Because of a similar issue, Carly Olivier said the deed restriction kept his mother from getting a bank loan to help repair structural problems caused by repeated flood damage.
“We got very little from home insurance — not enough to deal with the underlying problem, which was the foundation eroding because of the constant flooding issues and the sewer system backing up into the home,” Olivier said.
Workers had to build concrete pilings to raise the house and replace the roof, which caved in due to the structural issues, Olivier said. His mother has had to rent a place across town since 2016 while workers fix the house.
“We will lose money on this house, because we still have repairs to make,” Olivier said. “But we still have to keep up with our taxes, our mortgage payments, all of it.”
Like many of the affected homeowners, Olivier’s mother is an immigrant — she’s originally from Haiti — and English is her second language.

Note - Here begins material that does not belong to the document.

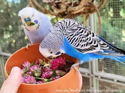 Besonders begehrt sind die nektarreichen Blüten des Klees und bei kleinen Sittichen auch die Sämereien.

Olivier suspects a language barrier kept his mother and others from understanding how the deed restriction could impact their finances for decades.
Nwabueze hopes city officials do take the time, as promised, to hear homeowners’ stories — and act to make things right.
“This is an affordable housing program that’s supposed to help people build wealth and become stable by buying a home, but the city is saying: ‘You’re not going to reap the benefits of this because the money is going back to the city now, and too bad, oh well for you!’” she said. “How can they disenfranchise somebody that they say they’re trying to help?”